▶ [EXERCISE OBJECTIVE]: Report each line of the records below that uses the word "Marcha".

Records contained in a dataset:
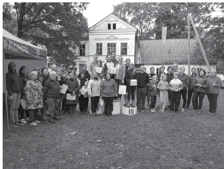
Biedrība “Ilzenes attīstībai” aizvadītajā gadā organizējusi vairākas aktivitātes Ilzenes pagastā, lai vienotu vietējo kopienu, tostarp arī ne-tradicionālas komandu orientēšanās sacensības „Dārgumu lāde Ilzenē”

26. augustā biedrība organizēja netradicionālas komandu orientēšanās sacensības „Dārgumu lāde Ilzenē”, kuru norises laikā tika veicināta starppaaudžu sadarbība, iesaistoties pasākuma organizēšanā un norisē, izzinot Ilzenes dārgumu (iedzīvotāju) dzīves stilu, kā arī kultūrvēsturisko mantojumu. Ar Ilzenes dārgumiem biedrība pozicionējusi Ilzenes muižas un tās apkaimes iedzīvotājus, kuri ir aktīvi sabiedriskajā dzīvē un arī sava amata vai aizraušanās lietpratēji. Kontrolpunktos komandām bija jāizpilda dažādi uzdevumi, kas atbilda Ilzenes dārgumu dzīves sfērām. Ceļā uz kontrolpunktiem komandas varēja iegūt papildus punktus, nofotogra-
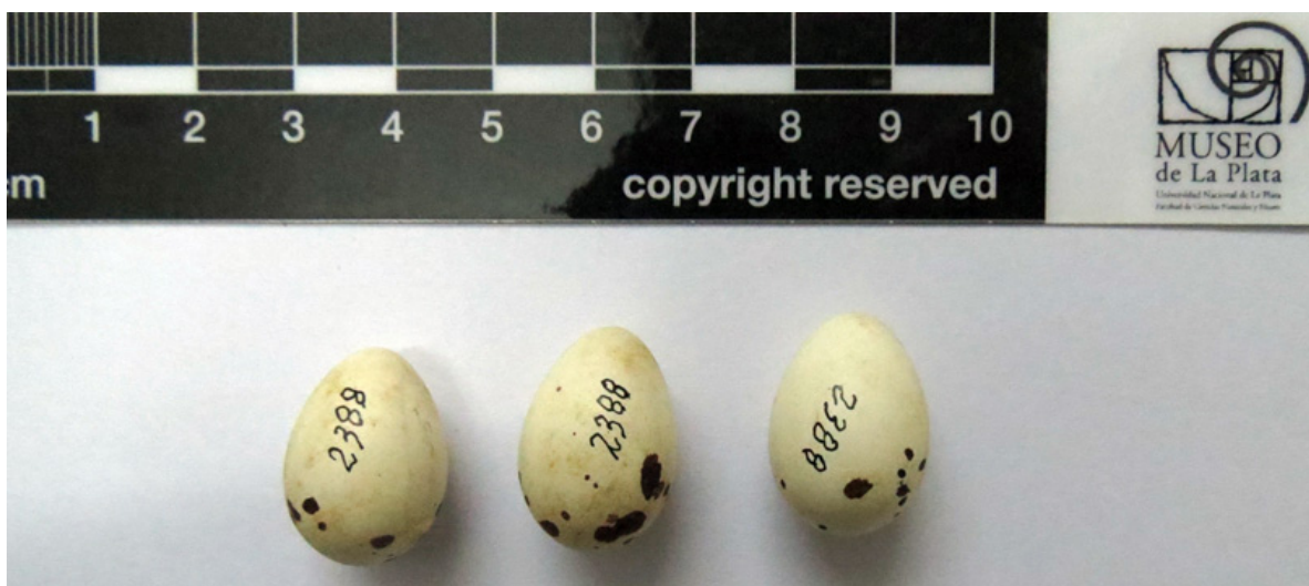
Figura 8: huevos de Suirirí Amarillo Satrapa icterophrys colectados por Pablo Girard en Manchalá, Tucumán.
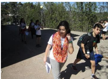
Marcha de regularidad

En tiempos pasados, se llevó a cabo un proyecto bianual, "Marcha de Regularidad", una actividad de orientación (2º y 3º), en la que colaboraban en su organización familias, profesores del centro y ex-alumnos.
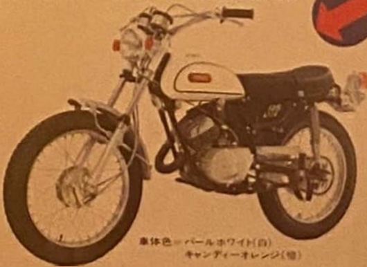
車体色=パールホワイト(白) キャンディーオレンジ(橙)
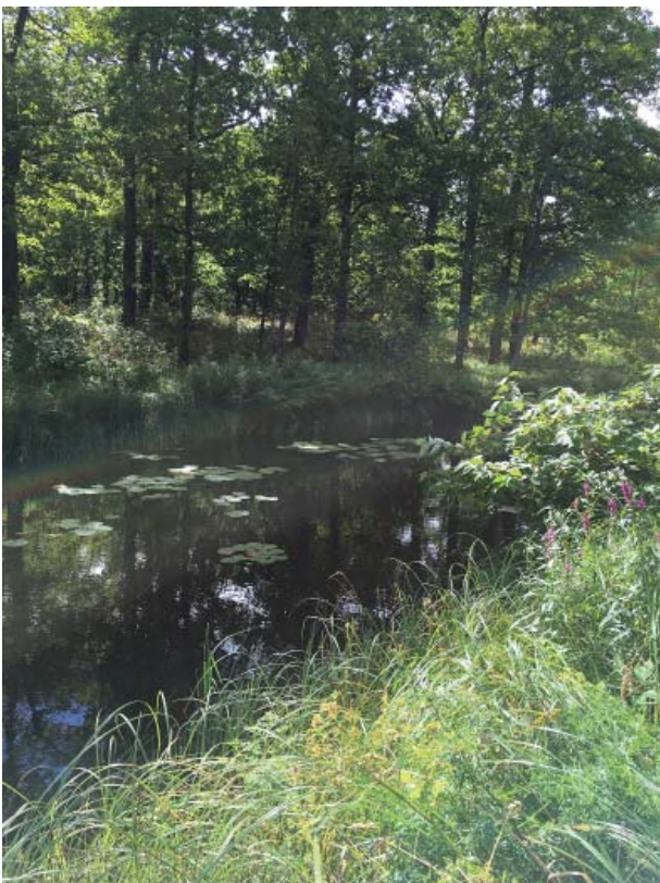
Västra kanalkanten slåttas 2 gånger/år

Näckrosor skall också begränsas genom att 2/3 tas bort vart annat eller vart tredje år . Näckros måste
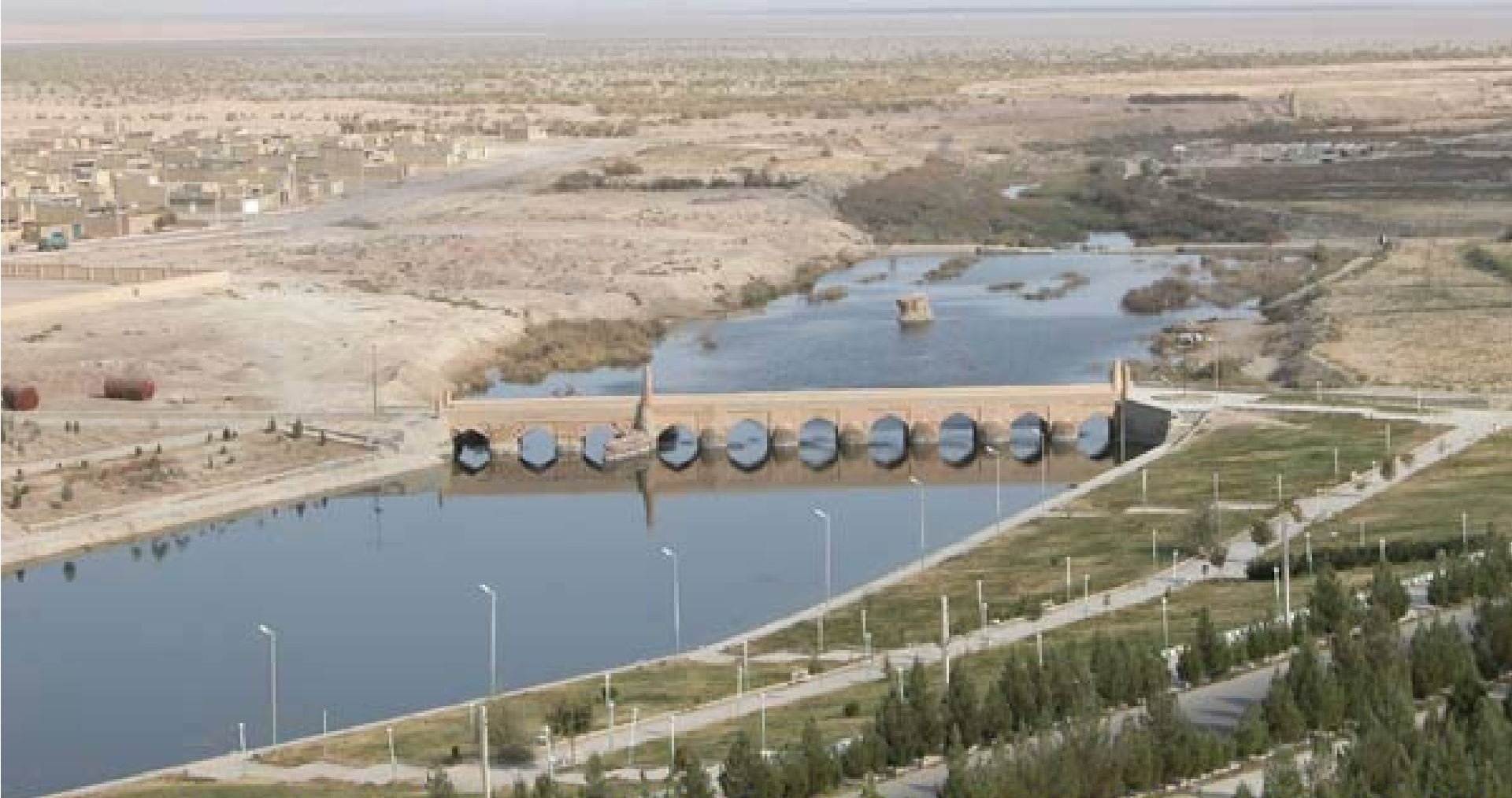
پل تاریخی ورزانه متعلق به عصر صفوی آخرین پل احدائی بر روی زاینده رود انجمن میراث فرهنگی ورزانه
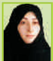
اعظم السادات افشین فر

روزهایی زیبا، پربرکت و پر طراوت برای هموطنان عزیز آرزو مندیم.
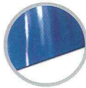
แผ่นเรียบ (น้ำเงิน) Flat sheet (Blue)
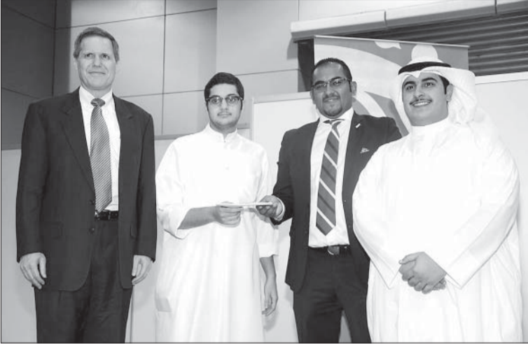
السفير الأميركي متوسط الكاظمي والراجل
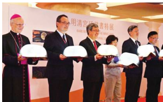
開幕式の記念写真

期に発展した。質量ともに非常に豊かなコレクションを持ち、今回の特別展では互いにその輝きを引き立てることになる。 オープニング・セレモニーでは、パチカン図書館とパチカン文書館の総館長を務めるアンジェロ・ピンチェンツォ・ツァーニ大司教も挨拶を述べ「この特別展の開催は数年前からパチカンと台湾が開始した対話と交流、文化交流の一つの成果だ」と喜んだ。
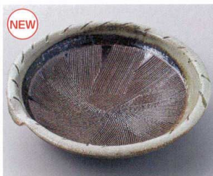
31-302-31 1,400円 泥クン彫5.0片口平すり鉢 (15.2×4.1) 603130231
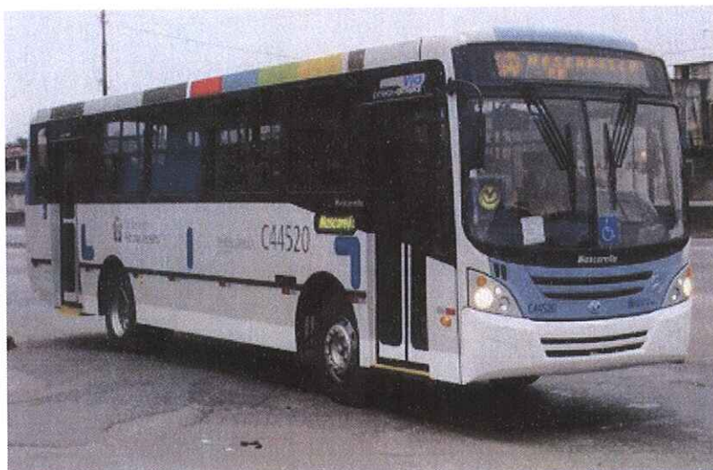
Ônibus do Sistema Transcarioca que compõem as linhas da Zona Oeste
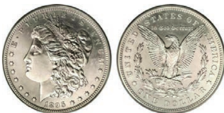
Argento 835/1000 - Ø 40 mm. – peso gr.27,08
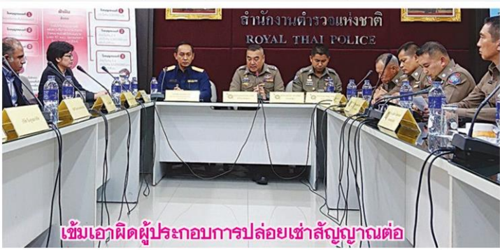
เข้มเอาผิดผู้ประกอบการปล่อยเช่าสัญญาณต่อ
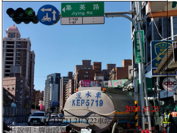
巡查日期地點：112.11.21/ Y22車站 照片說明：牌面設置
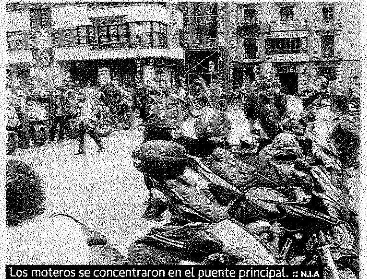
Los moteros se concentraron en el puente principal. :: N.I.A.
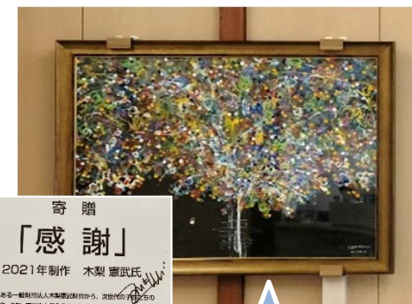
1階に、(一財)木梨憲武財団から区へ寄贈された原画「感謝」を展示しています。
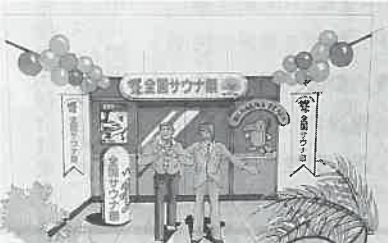
▲全国サウナ祭の各店の装飾企画
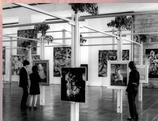
ESTAÇÃO TRIANON-MASP – VITRINES DO MASP – 4 a 31 ARQUIVO NO TRIANON-MASP Realização: Metrô de São Paulo e MASP Museu de Arte de São Paulo Assis Chateaubriand
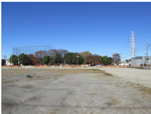
1 (旧) 入谷南小学校
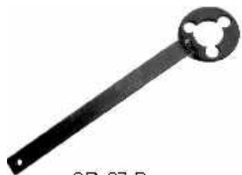
CR 97 B

Compressor de molas dianteiras p/: Escort, Verona, Apolo (de 83 a 92). Uso c/ catraca ou máquina pneumática, encaixe de 1/2". Jogo c/ 02 pcs.
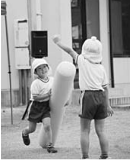
▲バトンタッチまでもう少し！

10月4日、子供の国保育園の運動会が行われ、園児や保護者、地域の方で賑いました。この日は全14プログラムが行われ、日頃から練習を重ねてきた園児たちは、会場を所狭しと元気に活躍しました。園児の一生懸命でかわいらしい姿に、会場は笑顔に包まれました。
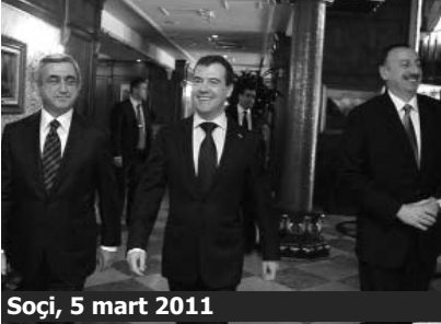
Soçi, 5 mart 2011
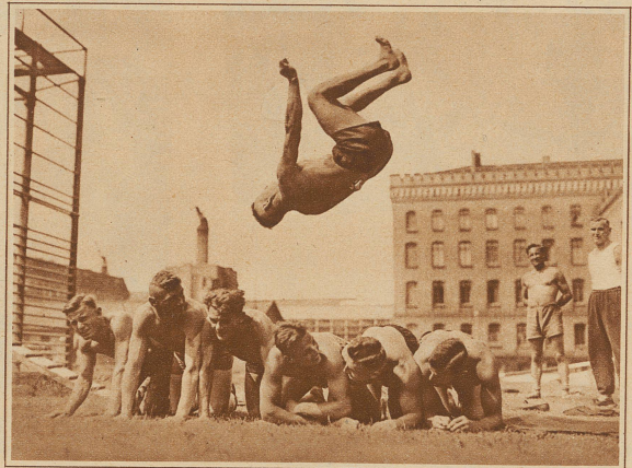
Aus der preußischen Polizeischule in Spandau. Die Schupo-Rekruten erhalten vor allem eine gründliche athletische Ausbildung, die ihnen bei ihrem spätern Dienst sehr zustatten kommt. Ein Salto über 6 Mann
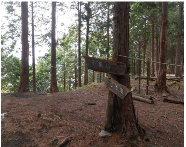
右側のロープからは世族からのバリエーションルートです 以前に上って来ました
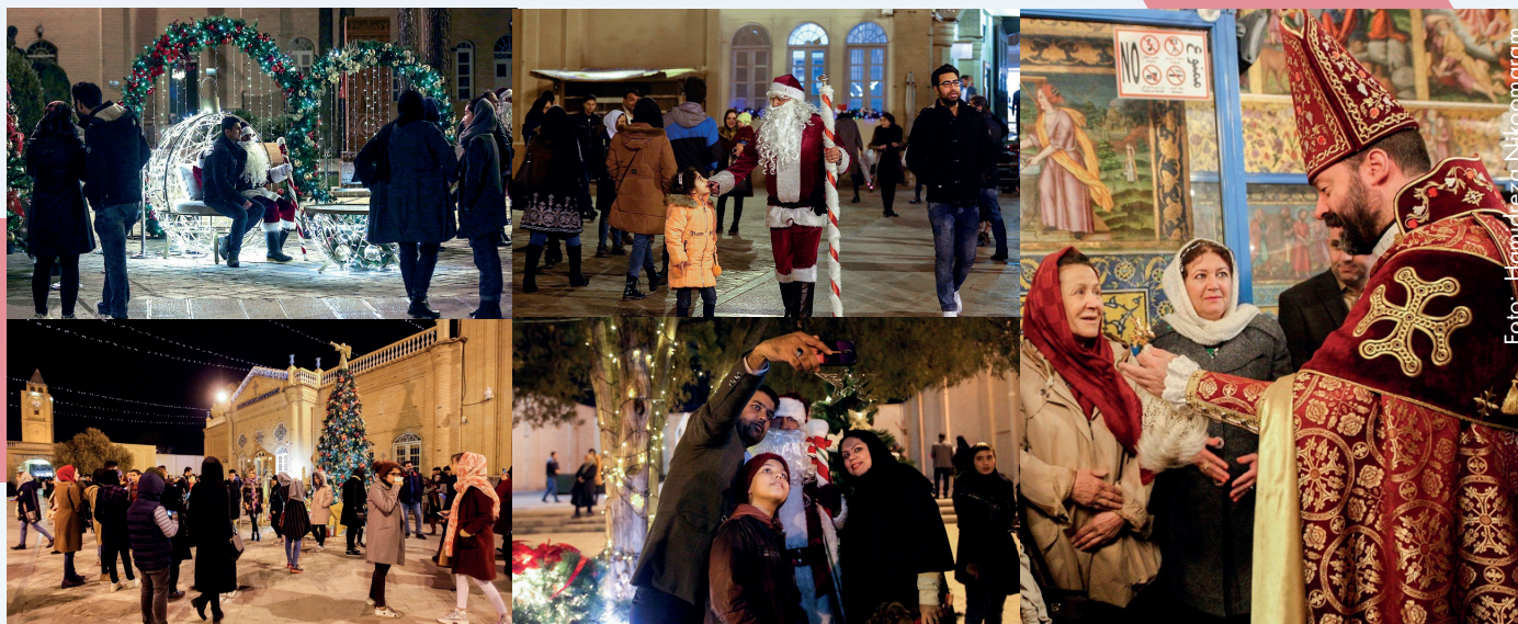
Julfirande i Isfahan i Iran 2019
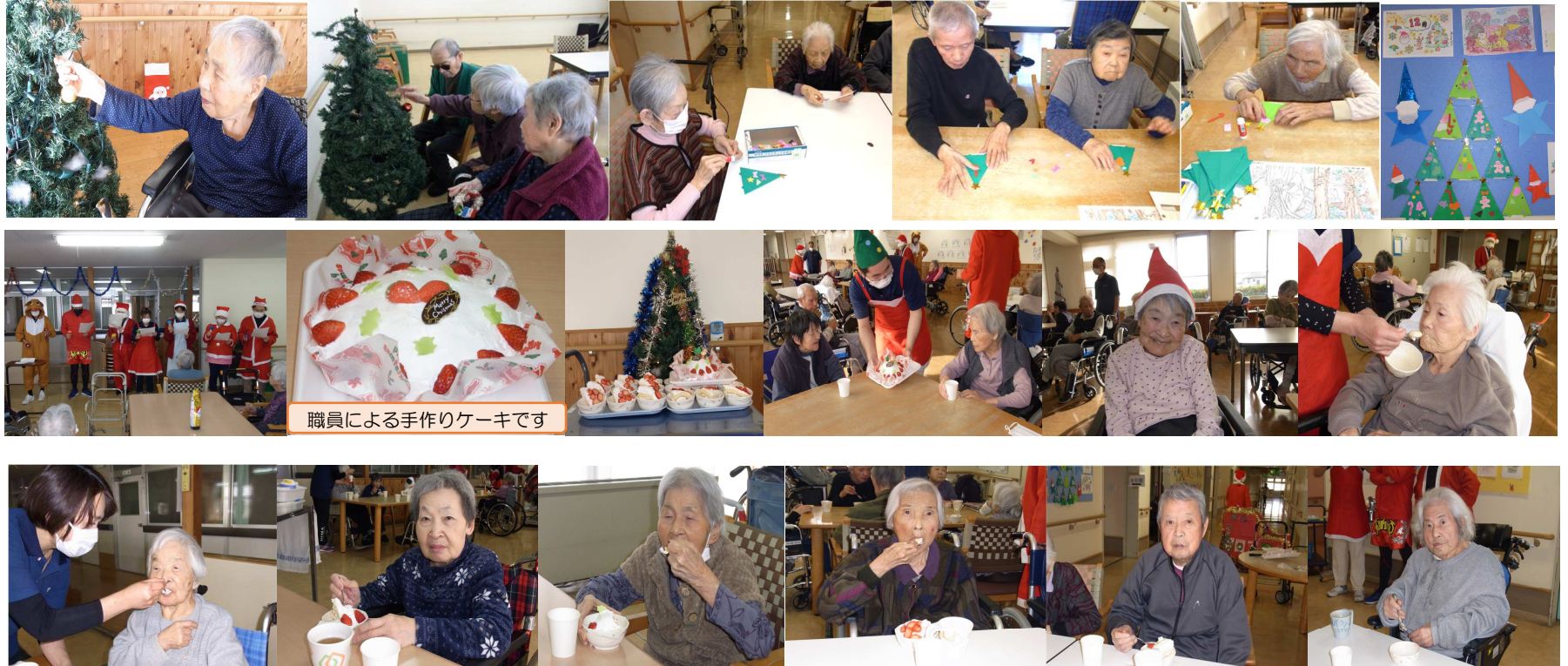
職員による手作りケーキです
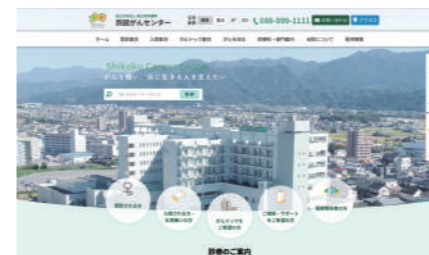
独立行政法人国立病院機構四国がんセンター様 公式サイト

2000年の設立から今日まで、愛媛県の優良企業様を中心に1,000件以上のホームページを立ち上げて参りました。その用途もコーポレートサイト、リクルートサイト、ショッピングサイト、会員サイトなど、多岐に渡ります。こちらに掲載している実績は一例です。
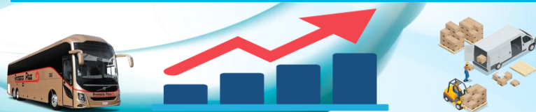
5. ТЕМПЫ РОСТА ОБЪЕМА ОКАЗАННЫХ РЫНОЧНЫХ УСЛУГ, %
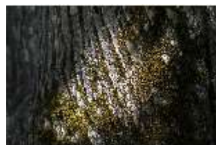
Lin.V, Königslinde, Baumrinde, DI016769, BSV-
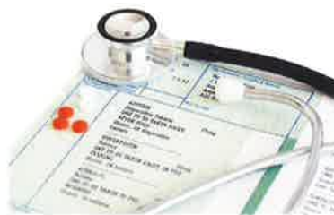
医療費控除をかしこく使おう

人間ドックや健康診断で医師から運動療法を勧められることもあります。その場合の医療費控除を申請するまでの具体的手順を紹介しましょう。
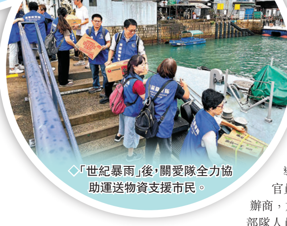
◆「世紀暴雨」後，關愛隊全力協助運送物資支援市民。
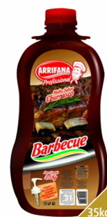
REF: 5557 Barbecue Arrifana Galão 3,5kg
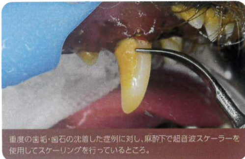
重度の歯垢・歯石の沈着した症例に対し、麻酔下で超音波スケーラーを使用してスケーリングを行っているところ。

病院内では、沈着してしまった歯垢や歯石をスケーリング、ポリッシングして、キレイにすることができます。
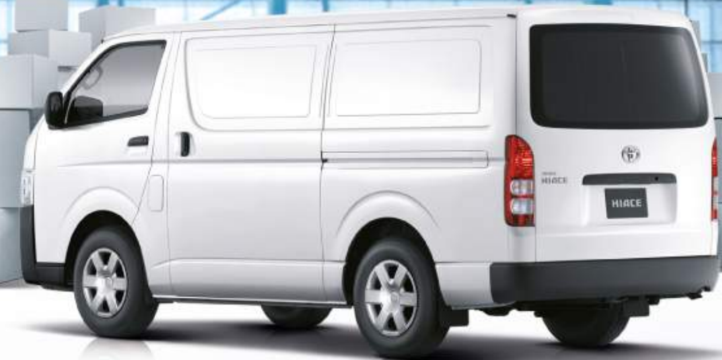
ไฮเอซ Eco ตู้ทีป

เครื่องยนต์ดีเซล 3.0 ลิตร เทอร์โบ อินเตอร์คูลเลอร์
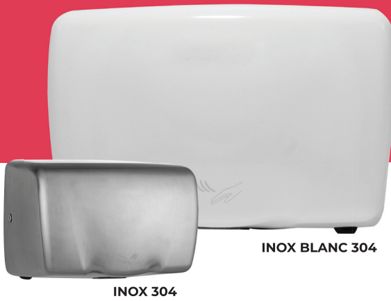
INOX BLANC 304
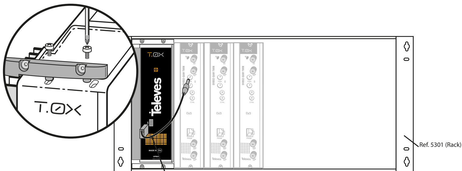
Latiguillo para Alimentación de módulos T.0X
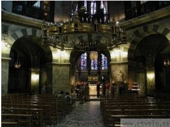
Slika 2: Dvorna kapela Karla Velikega
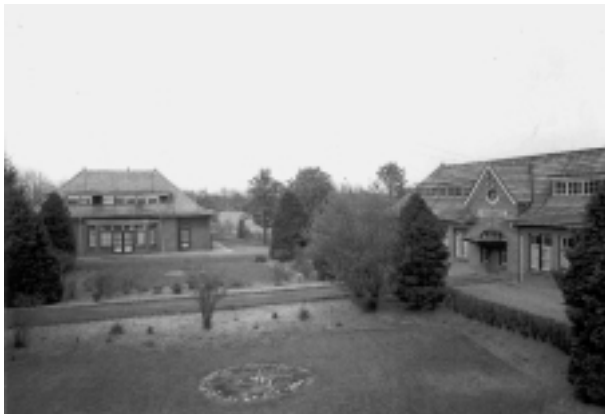
Paviljoen Oldenkotte, Rekken, rechts Achterbergs nieuwe verblijf. Collectie Museum De Scheper, Eibergen
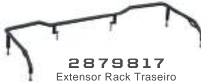
2879817 Extensor Rack Traseiro SPORTSMAN 570

▶ [ANSWER BOX]:
Marcha de regularidad
En tiempos pasados, se llevó a cabo un proyecto bianual, "Marcha de Regularidad", una actividad de orientación (2º y 3º), en la que colaboraban en su organización familias, profesores del centro y ex-alumnos.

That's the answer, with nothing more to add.